PANO PRA MANGA

Kaiqui Macaulay
KAIQUI MACAULAY
Published in
4 min readAug 23, 2019

Expressões de gênero e como elas se relacionam com a moda

Comme des Garçons, Thom Browne, Thom Browne, Maison Margiela, Dior e Jean Paul Gaultier

A origem do sapato de salto alto é um mistério. Várias culturas utilizaram o acessório no passado, na maioria delas como símbolo de riqueza e poder. Quando se fala de moda e gênero é muito comum associar essa história ao rei Luis XV da França, que popularizou o salto para os homens no ocidente.

O sapato é só um elemento da história da moda que pode exemplificar como a silhueta e as peças de roupas mudaram ao longo dos anos estabelecendo padrões para os gêneros e também para as classes sociais.

“A moda foi um sistema criado pela burguesia no final da idade média, até então não existia sazonalidade, não existia esse sistema que nós conhecemos como moda. As classes emergentes começaram a ‘copiar’ as roupas dos nobres, que para não serem confundidos, determinaram que estabelecer o que estava ‘na moda’ a cada estação dificultaria essa aproximação com as classes mais populares”, conta Natalia Rosa, professora de moda do FIAM-FAAM Centro Universitário e coordenadora de um grupo de estudo sobre moda, gênero e sexualidade.

A moda sempre esteve ligada a essa ideia de supremacia de classes. Quando falamos sobre moda no universo feminino a busca por uma imagem impecável é o fator determinante. “Quando existe uma grande cadeia de produção de roupas e você precisa cortar gastos, as roupas que são feitas para mulheres perdem a funcionalidade e as roupas masculinas perdem o decorativismo. As mulheres sempre tiveram a sua imagem associada à vaidade, enquanto o homem precisa ter uma roupa funcional, com muitos bolsos e confortável”, conta Diego Gama, estilista que estreou na última edição da Casa de Criadores.

“O que está acontecendo agora é uma mercantilização da moda sem gênero, depois de décadas de homens gays usando roupas da seção feminina das lojas e lésbicas fazendo o inverso.
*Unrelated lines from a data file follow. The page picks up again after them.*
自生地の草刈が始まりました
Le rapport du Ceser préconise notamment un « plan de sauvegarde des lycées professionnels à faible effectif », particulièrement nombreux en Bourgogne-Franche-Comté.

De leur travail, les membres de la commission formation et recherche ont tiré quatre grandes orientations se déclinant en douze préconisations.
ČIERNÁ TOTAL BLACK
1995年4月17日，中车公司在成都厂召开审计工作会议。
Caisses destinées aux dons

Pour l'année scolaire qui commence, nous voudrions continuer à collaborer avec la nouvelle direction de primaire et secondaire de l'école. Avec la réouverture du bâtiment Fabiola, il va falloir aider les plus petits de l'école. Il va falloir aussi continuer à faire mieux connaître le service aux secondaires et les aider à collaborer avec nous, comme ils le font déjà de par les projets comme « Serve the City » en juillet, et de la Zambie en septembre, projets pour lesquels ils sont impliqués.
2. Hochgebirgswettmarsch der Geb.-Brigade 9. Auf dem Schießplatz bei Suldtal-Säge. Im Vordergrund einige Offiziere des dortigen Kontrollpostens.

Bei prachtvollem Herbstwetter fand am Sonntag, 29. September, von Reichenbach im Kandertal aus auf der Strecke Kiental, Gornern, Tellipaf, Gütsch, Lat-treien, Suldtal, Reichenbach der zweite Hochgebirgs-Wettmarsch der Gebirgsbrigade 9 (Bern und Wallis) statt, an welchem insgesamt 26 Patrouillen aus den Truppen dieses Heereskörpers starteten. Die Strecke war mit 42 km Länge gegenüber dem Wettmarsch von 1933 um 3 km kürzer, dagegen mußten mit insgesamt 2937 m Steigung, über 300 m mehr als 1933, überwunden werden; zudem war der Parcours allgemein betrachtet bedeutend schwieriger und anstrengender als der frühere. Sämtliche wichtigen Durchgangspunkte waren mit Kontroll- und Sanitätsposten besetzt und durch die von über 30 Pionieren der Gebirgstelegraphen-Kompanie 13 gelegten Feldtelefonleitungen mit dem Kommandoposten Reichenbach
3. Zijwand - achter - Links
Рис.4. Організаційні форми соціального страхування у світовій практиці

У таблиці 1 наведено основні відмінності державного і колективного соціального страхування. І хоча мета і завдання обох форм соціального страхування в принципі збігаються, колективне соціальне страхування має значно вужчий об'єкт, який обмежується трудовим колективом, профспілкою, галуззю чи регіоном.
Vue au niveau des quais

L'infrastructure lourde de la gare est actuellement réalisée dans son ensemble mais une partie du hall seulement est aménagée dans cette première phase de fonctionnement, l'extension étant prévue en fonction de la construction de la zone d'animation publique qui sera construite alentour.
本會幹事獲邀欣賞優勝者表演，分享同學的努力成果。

O que aconteceu é que o número de pessoas que começaram a se vestir assim foi crescendo, foram influenciando outras pessoas até chegar nas grandes marcas. Não é uma proposta do mercado de moda, até porque eu não sei se é uma coisa que eles realmente acreditam. Algumas marcas novas estão nascendo com esse conceito, nesse caso eu acho que faz mais sentido”, afirma Natalia.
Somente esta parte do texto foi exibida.